Also there is extension in GNU C, which gives you to create zero length array in C, but as I understand it right, there should be at least one member in structure prior, or you will get very strange examples as above if you use C++.
#include<stdio.h>
struct str
{
static int a ;
int b ;
} s ;
int main()
{
static int p , k ;
printf("%d %d",sizeof(p),sizeof(s));
getchar();
return 0;
}
above code is giving errors . But if I redefine the first member of the structure to 'int' rather than 'static int' then it runs fine . Why static members are not allowed in the structure and what is its significance ?
There's simply no such feature in C language. And there's no meaningful conceptual framework for such feature in C.
You see, in C++ terms, there's only one relevant difference between a static member variable and an ordinary global variable: the scope in which its name is declared and the corresponding naming syntax.
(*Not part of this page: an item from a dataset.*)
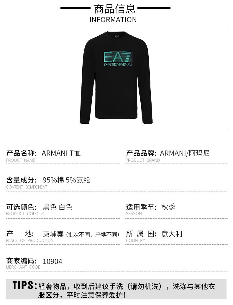 阿玛尼(ARMANI) 男装 男士时尚休闲圆领长袖T恤 10904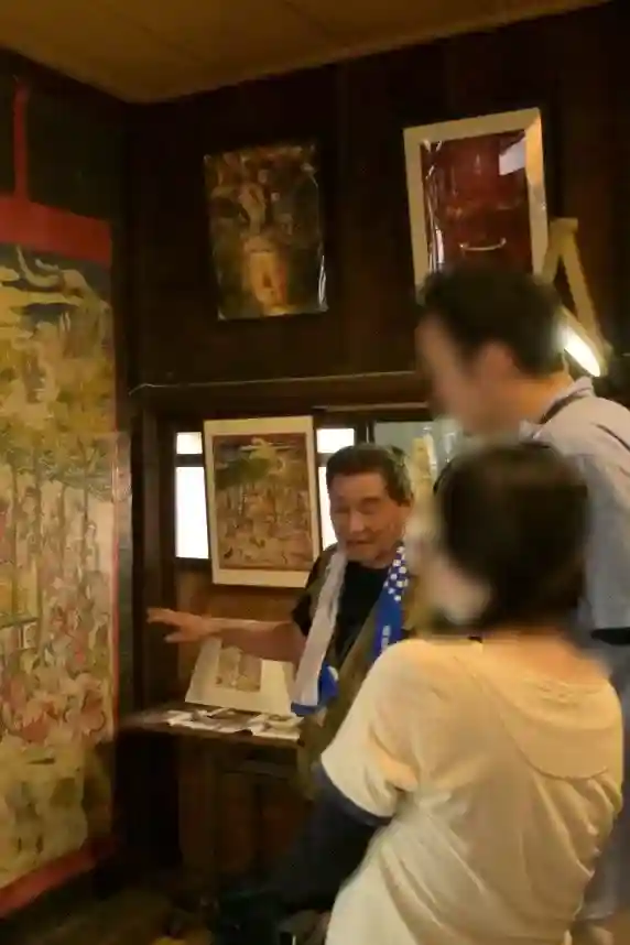「蔵王堂城史跡を守る会」の会長様も参拝の方々に掛け軸などの説明をしております

A global variable could be called a, while a static member of the class would be called SomeClass::a. Besides scoped naming, there are no other differences. (I deliberately ignore other C++-specific features, like access control, since they don't exist in C and this question is really about C.)
In C language a struct type does not introduce its own scope. There's no such naming syntax as SomeStruct::a in C language. For this reason there's simply no reason to have static members in structs. You can declare a global variable instead and achieve the same effect. Call your global variable str_a to convey the intent to "associate" it with struct str and just think of that variable as a pseudo-static member of struct str.
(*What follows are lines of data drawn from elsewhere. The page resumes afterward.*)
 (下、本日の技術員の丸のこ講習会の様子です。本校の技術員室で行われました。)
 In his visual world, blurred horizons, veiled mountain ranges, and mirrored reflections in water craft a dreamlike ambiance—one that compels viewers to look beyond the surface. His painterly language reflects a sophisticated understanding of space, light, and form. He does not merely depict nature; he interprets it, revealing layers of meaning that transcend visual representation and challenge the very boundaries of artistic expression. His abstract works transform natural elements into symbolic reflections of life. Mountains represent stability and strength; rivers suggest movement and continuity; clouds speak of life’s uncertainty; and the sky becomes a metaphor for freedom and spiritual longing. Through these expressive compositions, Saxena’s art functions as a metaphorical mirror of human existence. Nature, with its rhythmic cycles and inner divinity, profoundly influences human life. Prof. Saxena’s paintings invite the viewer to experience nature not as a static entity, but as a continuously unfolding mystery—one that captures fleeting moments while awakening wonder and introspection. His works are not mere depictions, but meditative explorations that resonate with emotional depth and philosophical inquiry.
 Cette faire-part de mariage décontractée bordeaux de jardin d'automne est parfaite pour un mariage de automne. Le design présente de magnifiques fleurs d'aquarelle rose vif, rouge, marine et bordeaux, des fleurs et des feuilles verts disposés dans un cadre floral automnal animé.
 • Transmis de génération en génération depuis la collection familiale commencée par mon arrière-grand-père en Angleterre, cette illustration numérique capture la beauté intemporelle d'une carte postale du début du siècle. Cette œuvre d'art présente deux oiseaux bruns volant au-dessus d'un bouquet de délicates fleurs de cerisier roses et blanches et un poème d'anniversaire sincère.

Formally speaking, one could do it the same way in C++, i.e. completely ignore this feature of C++ language and use global functions and variables instead of static function and variables inside classes. However, by doing that one would forsake all member access control features of C++. And these features are really worth having. C language has no access control features, meaning that in C one loses [almost] nothing.
The language just doesn't allow it. There's no deeper reason other than that it's not part of the design. You can always achieve the same behaviour with a separate global variable like this:
struct str
{
int b;
} s;
int str_a;
Note that it would be something entirely different to have a non-static int a; inside your struct, which would be a distinct subelement of every object of type struct str.
(Note also that in C++, a language evolved from C, static class members do exist and behave exactly like the workaround I described above, only that the name of the global variable is tightly associated to the name of the class.)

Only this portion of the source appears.